Many days have passed since I began to write these pages.
All the morning after that terrible night, with Barbara I waited fearfully for some manifestation of Doña Orosia's anger. But there was none, nor were we summoned out that day. Food was brought to us, and we remained like prisoners in our chamber. Don Pedro was very low, the servant told us, and the Governor's lady was nursing him.
A week went by,—the longest week I had ever known,—and then we heard that Melinza would recover. However, it was not until he had lain ill a fortnight that Doña Orosia came to visit me.
I was sitting by the window with my head upon my hand, and Barbara was putting some stitches in the worn places in her gown, when the door opened to admit my hostess.

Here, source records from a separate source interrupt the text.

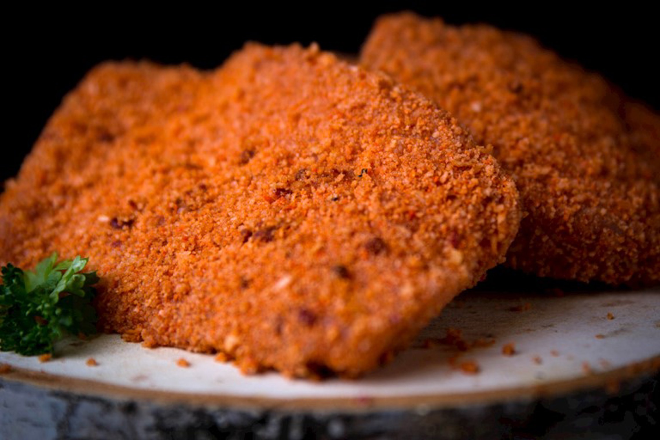 Een platte schnitzel van varkensvlees, voorzien van een krokante, oranje paneer met een lichte paprikakruiding. Makkelijk en snel te bereiden.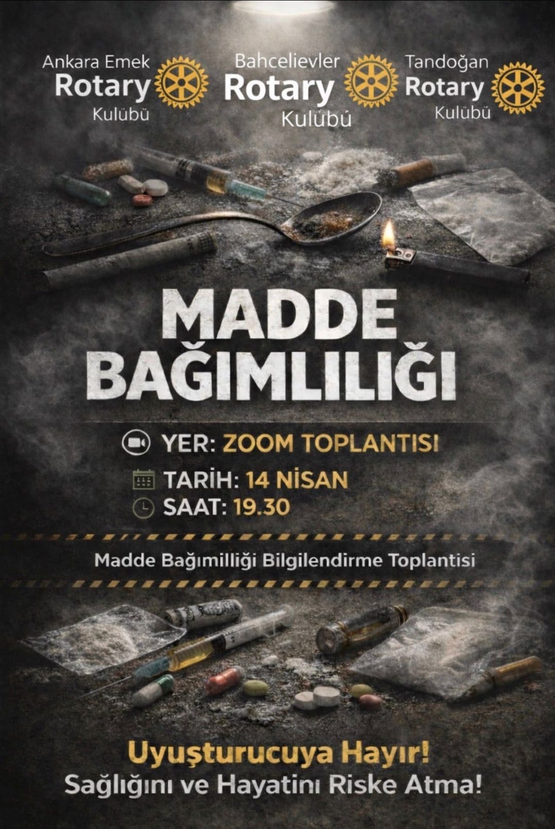 4. GRUP KULÜPLERİ İLE BİRLİKTE MADDE BAĞIMLILIĞI KONUSUNDA 14 NİSAN AKŞAMI BİR ZOOM TOPLANTISI ORGANİZE EDİLDİ. ANKARA EMEK+ANKARA BAHÇELİEVLER+ANKARA TANDOĞAN KULÜPLERİ GENÇLERİ VE AİLELERİ BİLGİLENDİRME EĞİTİMİ VERECEK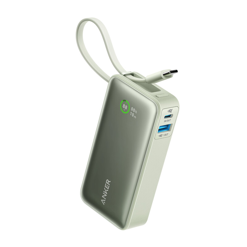 Anker Nano Batterie Externe (10 000 mAh, avec câble USB-C intégré, puissance maximale PD 30 W, 1 port USB-C & 1 port USB-A, compatible avec iPhone 16 Pro Max/15/14/13/12, MacBook, séries Galaxy (Samsung), iPad, AirPods)
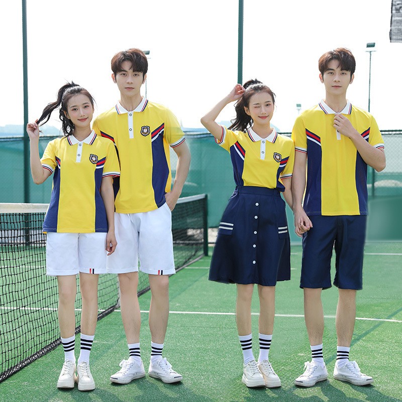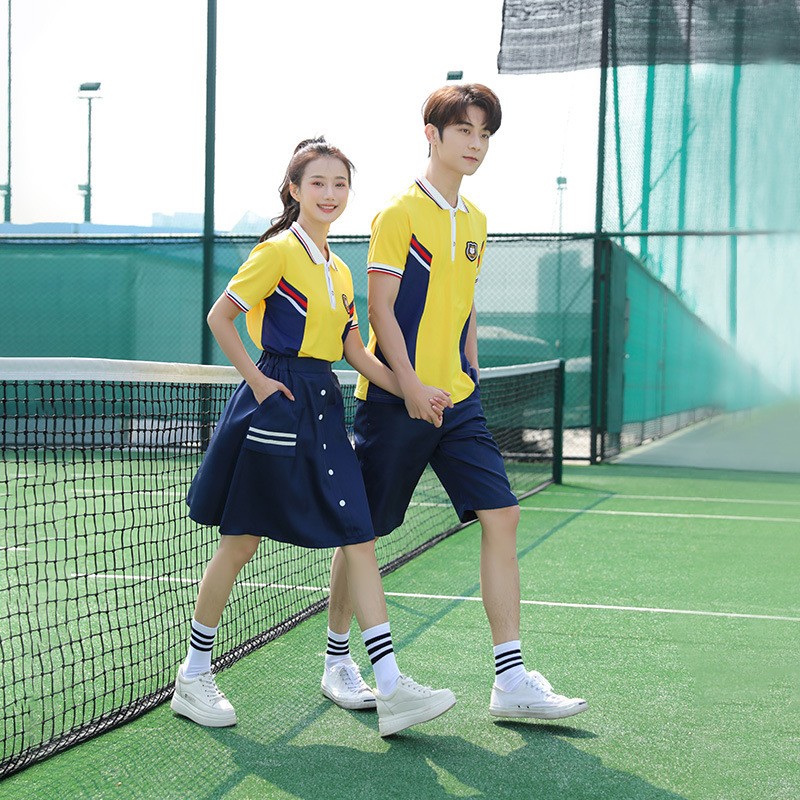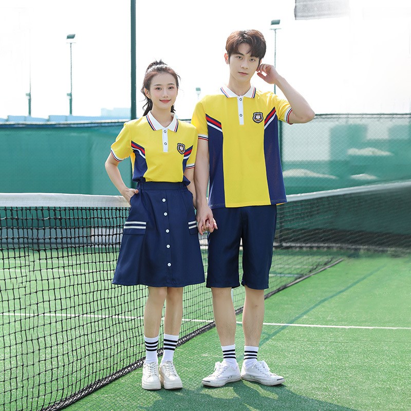 This vibrant yellow uniform set brings a fresh, energetic look to campus life while maintaining the classic appeal of academic dress. The cheerful color scheme and versatile bottom options create a cohesive collection perfect for warm-weather learning and activities.

She came straight toward me with a glint of anger in her dark eyes. The long nights of anxious watching had driven back the blood from her smooth olive cheek, and the red lips showed the redder for her unaccustomed pallor. She laid one hand on my head, tilting it backward.

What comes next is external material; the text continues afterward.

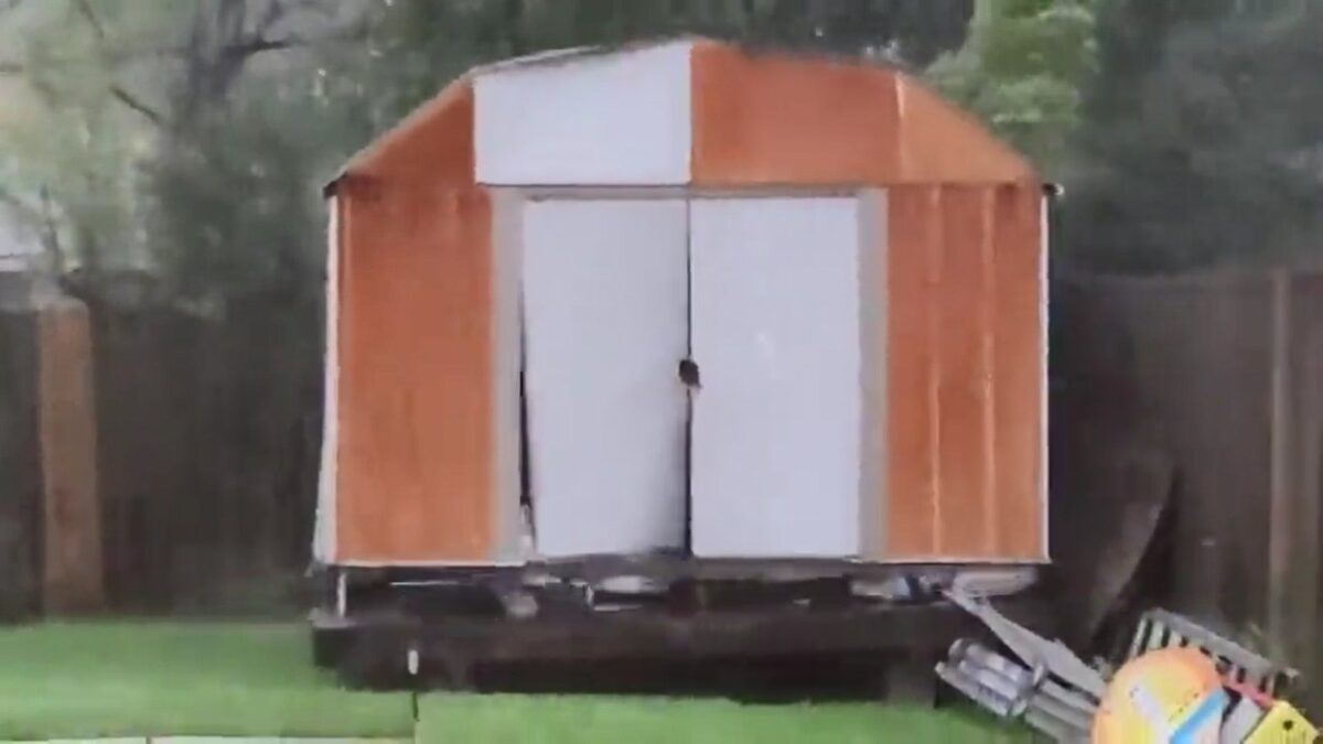 Windkracht 612 blaast tuinhuisje compleet van zijn sokken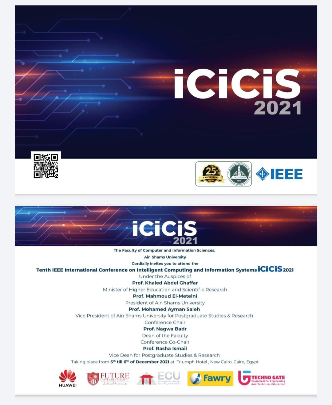 أعلنت كلية الحاسبات والمعلومات بجامعة عين شمس عن انعقاد مؤتمرها الدولي العاشر للحوسبة الذكية ونظم المعلومات يومى 5-6 ديسمبر 2021 بفندق تريومف التجمع الخامس، وذلك تحت رعاية الدكتور محمود المتينى رئيس الجامعة والدكتور محمد أيمن صالح نائب رئيس الجامعة لشئون الدراسات العليا والبحوث وتحت اشراف الدكتورة نجوى بدر عميد الكلية ورئيس المؤتمر، والدكتورة رشا إسماعيل وكيل الكلية للدراسات العليا والبحوث ونائب رئيس المؤتمر.

"You little white-faced fool! I would you had never set foot in this town," she cried bitterly.
"Ah! madame, I came not of my own free will," I answered her. "I and my dear love would willingly go hence, an you gave us the means to do so!"

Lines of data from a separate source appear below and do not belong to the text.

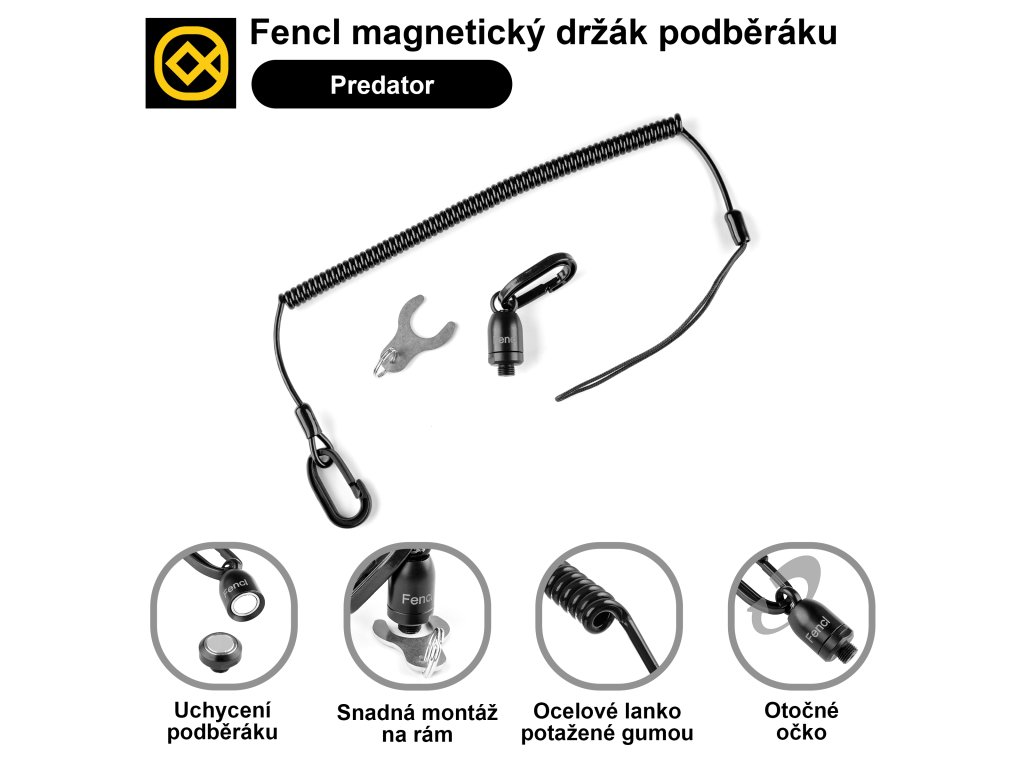Fencl magnetický držák Predator je určený pro teleskopické přívlačové podběráky značky Fencl. Ve spodní části magnetu je rybářský závit, díky kterému můžeme magnet pohodlně a snadno našroubovat na podběrák a využít tak magnetického zavěšení pro větší komfort při rybolovu.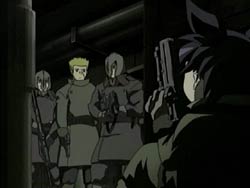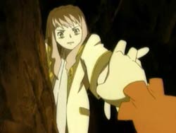 As the Jabal travels through the desert, Mikoto fails to claw her way into it. Midori, who doesn’t know that Arika and Mashiro were swallowed, decides to leave the two alone for now. For her, there’s a dangerous international situation to worry about. In the Airies Republic, Natsuki is being laughed at by Haruka and Yukino because of the hitchhiking incident. Turning serious, Natsuki requests Yukino and Airies’ cooperation, but gets turned down because of the current political atmosphere. In Windbloom, Sergay, who doesn’t know that it’s Rena in the capsule, is watching over the production of the new crystals. Nina pulls him out to ask him why he took over the Valkyrie unit, but Sergay tells her not to worry about it. When he calls her his cute daughter and uses the informal “Nina,” she asks that he use something that childish. Nina remembers when Sergay had found her after he had killed the people around her because of an orphan-related assassination plot. She had mis-fired her gun and the bullet had hit a pipe. The resulting shrapnel is what gave Sergay his scar. But at the time, he had stopped the soldiers from shooting her and took her in instead. As the current Nina grows more distant from her father, she finds herself wanting his attention more and more.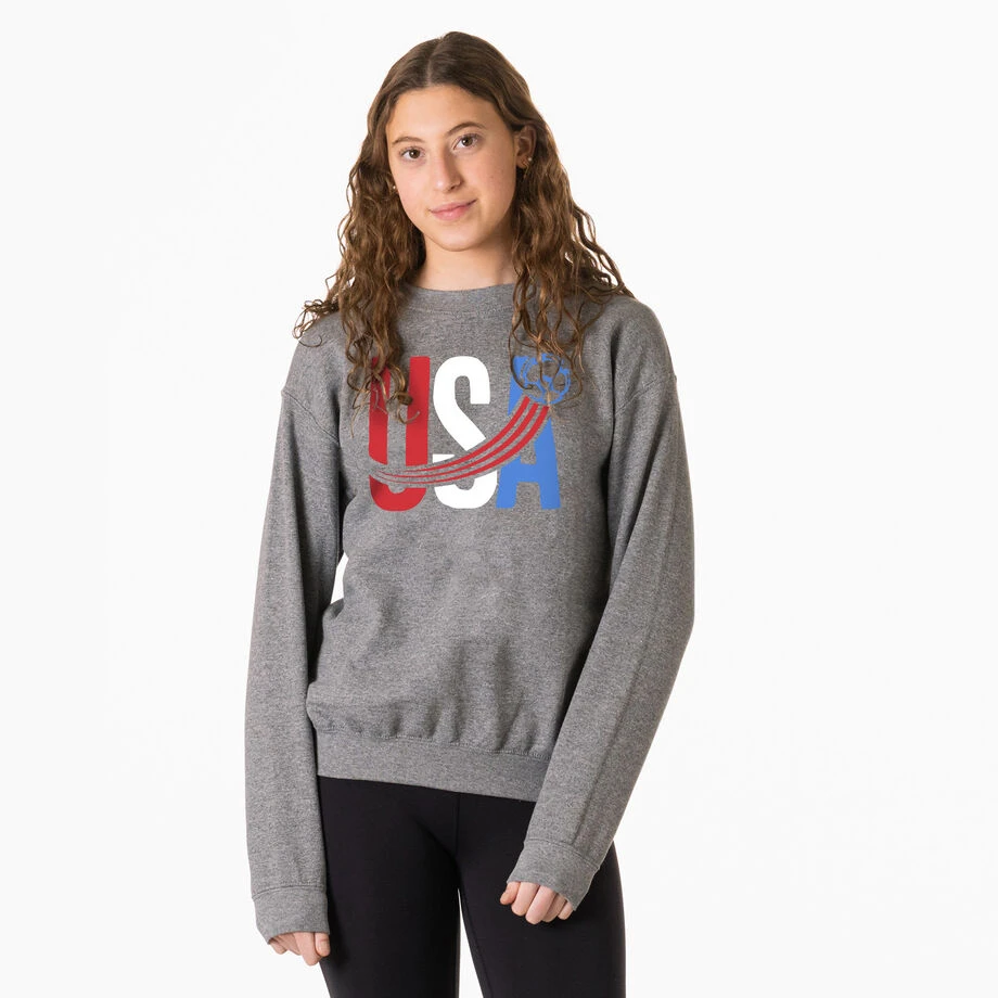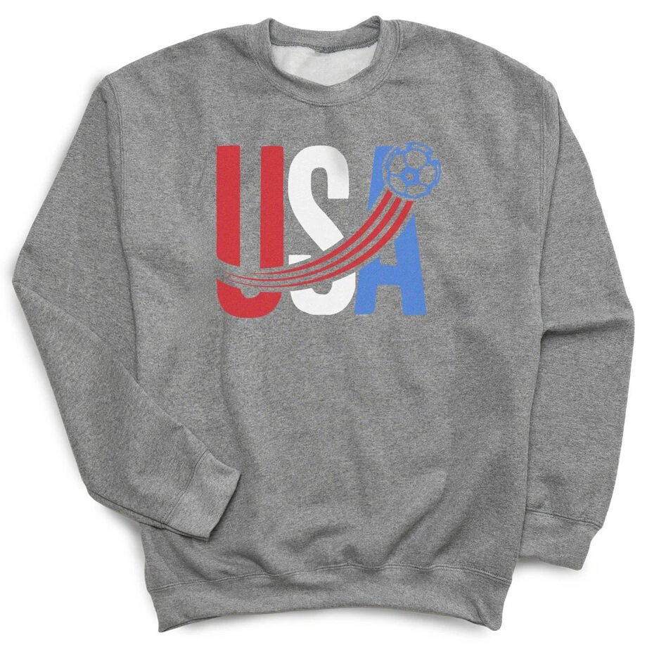 Rep that red, white and blue pride in our USA Patriotic soccer design, perfect for the 4th of July. Not only is it stylish and fun, our crewneck sweatshirts are made from a blend of cotton and polyester. These super-soft sweatshirts are also the perfect weight to keep you warm on the cooler days. Any player or fan would love this as a gift for any occasion.

"'Tis likely that we shall, truly," she replied. "'Tis likely that the Governor of San Augustin will keep a galley to ply up and down the coast for the convenience of you English intruders! There came two more of you this morning, from the friar at Santa Catalina."
"Two more English prisoners!" I exclaimed. "Who are they, madame?"
"I know not, and I care not," she said. "I meddle not with things that do not concern me. I come here now but to hear how you came to be on the streets at midnight. Had I been in the Governor's place then, I would have shut the door in your face."